The Covid-19 pandemic is expected to have a lingering impact on the consumption of several non-essential goods and services, on which the state governments in India levy State Goods and Services Tax (SGST), which is a key source of their own tax revenues. Icra expects the SGST collections to contract by 30 per cent to Rs. 3.5 trillion in FY2021 from Rs five trillion in FY2020. This is less than half of Icra’s estimate of the aggregate protected revenues of the state governments of Rs 7.7 trillion.
According to the report, GST compensation
cess, which is levied on some specific items including automobiles and coal, for compensating the states’ shortfall in their SGST collections relative to their protected SGST revenues, would halve to Rs 494 billion in FY2021 from Rs one trillion in FY2020. This mainly reflects the expectation of muted demand for discretionary items, including automobiles, in the light of the ongoing Covid-19 crisis.
While the Union government recently increased the net borrowing ceiling of the state governments to five per cent of Gross State Domestic Product (GSDP) in FY2021 from three per cent of GSDP, to address the expected shortfall in their revenues because of the Covid-19 crisis, the increase in unconditional borrowings is limited to 0.5 per cent of GSDP only.
“We estimate the additional unconditional net borrowing of the states for FY2021 at Rs one trillion, which would be adequate to offset only a fourth of the aforementioned gap of Rs. 3.9 trillion between the GST compensation
required and available cess collections.
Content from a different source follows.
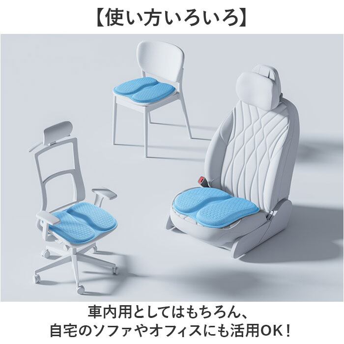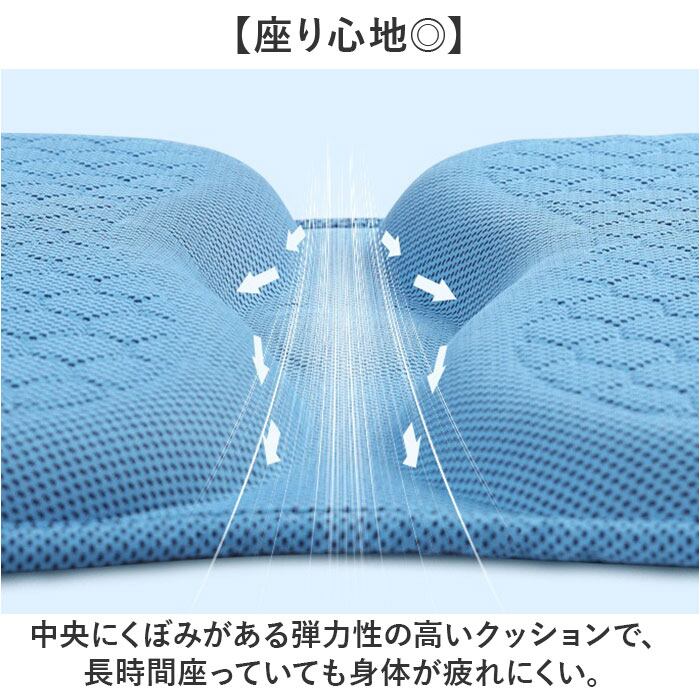 ・中央にくぼみがある弾力性の高いクッションで、長時間座っていても身体が疲れにくい。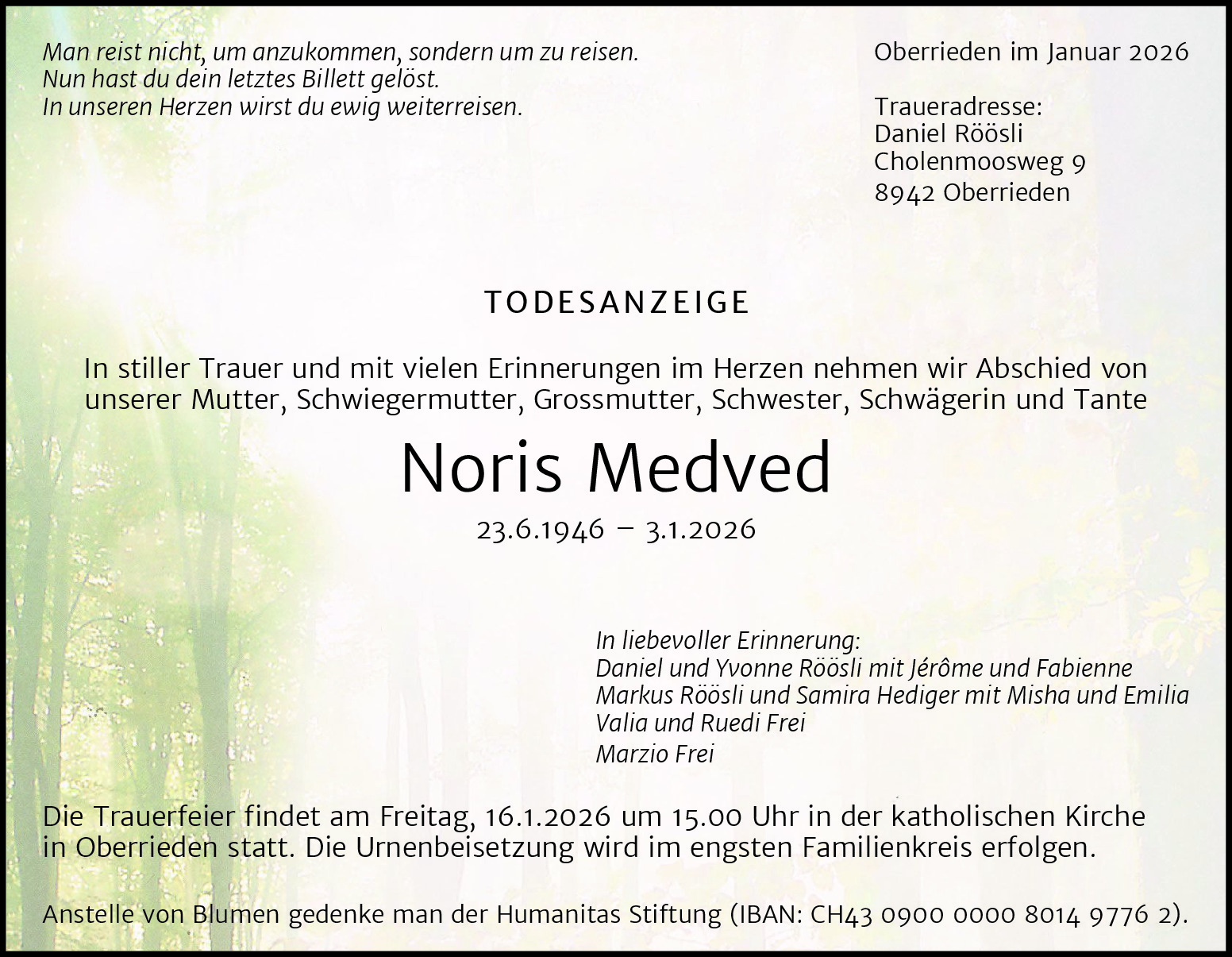 Liebe Noris, danke, dass wir ein kleines Stück Lebensweg zusammen gehen konnten.

We estimate the conditional borrowing of 1.5 per cent of GSDP permitted to the state governments for FY21 at Rs. 3.0 trillion”, the report by Icra noted.
However, this is linked to the achievement by the state governments of the targets related to four reform areas prescribed by the GoI in FY2021. If the states are unable to achieve these targets and therefore not eligible to borrow the additional 1.5 per cent of GSDP, any mismatches in the magnitude and timing of the release of the GST compensation by the GoI to the state governments will considerably exacerbate the fiscal and liquidity stress that the states are experiencing in the aftermath of the Covid-19 crisis.